How many times can you read the same Readers Digest?
{[R]}
Thank you. A little less of this "cringe(ing) beneath the grubby blanket of cynicism" on OS and we'd all be better off.
On the other hand, despite my melancholy, I am an optimist and idealist at heart. I NEED to believe, because if I don't, then circumstance becomes intolerable for me.
I don't like the thought of being blinded by either cynicism or hopefulness, so I try to be cautiausly optimistic. I believe in good, and in change. I work for it and I see it every day and I will almost always err on the side of trust., because I've got a fairly good intuition that knows now when it needs to be wary and afraid.
I don't know about the stats. You can crunch numbers and make them dance whatever tune you like. Numbers are dangerous, because they can lead you into a false sense of fear or security. I don't have faith in numbers. But I do have faith in the fact, that although a good many people are still brutal, a good many will also make the best, and the highest choices.
And I know also, that for 9 years my great-uncle was imprisoned in solitary confinment and then in a brutal prison on a rock in the sea called Bare Island, put there for disagreeing with the state's industrialisation program and that while there being beaten, starved and isolated he wrote a book called 'Joy'
I particularly like the juxtaposition of the little girl running around joyously to the dire words of your friend.
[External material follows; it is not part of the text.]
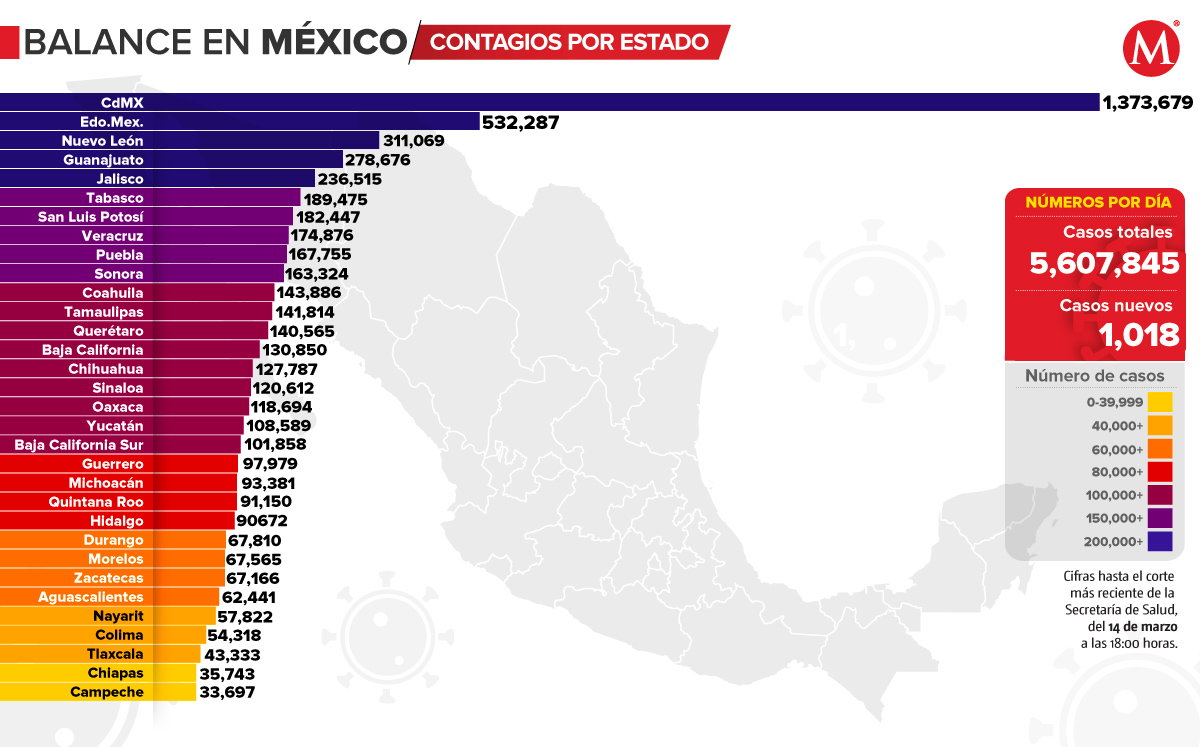 En Ciudad de México hay un total de un millón 373 mil 679 casos de covid-19, en el Estado de México se reportan 532 mil 287, Nuevo León confirma 311 mil 69, Guanajuato tiene 278 mil 676 y en Jalisco hay 236 mil 515.

O pit of the stomach dread, how cheap a shot to strike terror and scare mothers exactly where they can't bear it–– if they are heroic mothers like yourself!
I think we have gotten away from the point by over-saturating ourselves on meaningless acted-out scenarios of violence via TV and movies. What really counts is our ability to interact with others daily. And that we cannot do via the media. And I mean IN PERSON here. I try and tend a garden the fruits of which are gentleness by staying clear of the media altogether. And I notice my heart to be more at ease.
You illustrate for me the very reason why I get out of bed in the morning. It is good to be glad, and better to find ways through our present difficulty.
The question you help us all raise here to one another is:
What am I able to offer the world before I am ready to pass on?
Wow! you are just terrific. Like Cranky, I wish I could double-favorite you too. -R- for relevantly sane
Oh, and I just have to tell you, I know the context of the whole sentence was actually very sad, but your turn of phrase totally cracked me up: "My childhood was a lot like the movie "Precious," but with better grammar and a front lawn." {r!}
Good job :).
I'm not saying we should all live paranoid lives, all closeted from each other in fear of the boogeyman popping out of every corner. I get what you're saying. But if you're speaking from a philosophical point of view, or even a spiritual one, I think its about more than just being either a coward or an idiot. There are a lot of in-betweens.
Thanks for the post. It really gave me lots to think about.
I don't want to live in a cynical world, but we don't have a choice. That's why its important to support people and their dreams instead of killing them with our negative attitudes. If you come from a place of YES, you will find more yes's coming to you.
Great post!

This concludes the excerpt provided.